For this purpose, new sample data are derived by conducting experiments as described in step A. The newly derived sample data cover all the possible sample cases in order to verify the performance of the ANN completely. In total, 14 groups of sample data are determined and their outputs will be predicted with the trained Artificial Neural Network present after conducting step F. Step F of Fig. 1 corresponds to step S114 of Fig. 2. Fig. 5 illustrates the comparison of the newly derived sample data and the output data, namely the bending angle, predicted by the trained Artificial Neural Network. It can be seen that the curves are almost the same. This proves that the relationship or dependency between input values (the manufacturing parameters like laser output power, scanning speed, spot diameter and sheet thickness) and the output value (the bending angle) is calculated correctly. The method according to the present embodiment can predict the output nearly exactly and the stability and feasibility of the method is proven.

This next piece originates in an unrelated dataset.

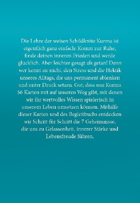 Gelassenheit und Lebensfreude, Weisheit und innere Stärke zeichnen die Schildkröte Kurma aus. Von ihr können wir lernen, dass uns nichts aus der Ruhe zu bringen braucht und mag es noch so hektisch zugehen in unserem Leben. Mit vielen neuen Übungen, Inspiration...

Finally, in step H, an optimization program is written by combining the programming environments of MATLAB® and Visual C++ (VC++). First, the above described method is implemented as codes in MATLAB®. Then, the command comtool is used to open a comtool dialog (function in MATLAB®). The codes are added to a project, then the codes are compiled and executed and their corresponding C++ source files and C++ header files are created. Second, a MFC project is created in VC++, and the C++ source and header files are added to the project created in the first step. Then a friendly and convenient man-machine conversation interface is designed and developed as the one shown in Fig.6. With this interface the laser bending process qan be simulated and the bending results can be predicted as depicted in step S115 of Fig. 2.

In the network training part of the interface, the hidden layer and the objective error can be input via respective buttons. Also, the sample data (including the input part and output part) can be input by pushing respective buttons. Then the Artificial Neural Network is trained and saved by pushing respective other buttons. There is also a button for starting the parameter prediction. When inputting the laser output power, scanning speed, spot diameter and sheet thickness, the interface calculates the bending angle which can be read directly.

Above, only one embodiment is described in detail and it is not intended to restrict the invention to this embodiment.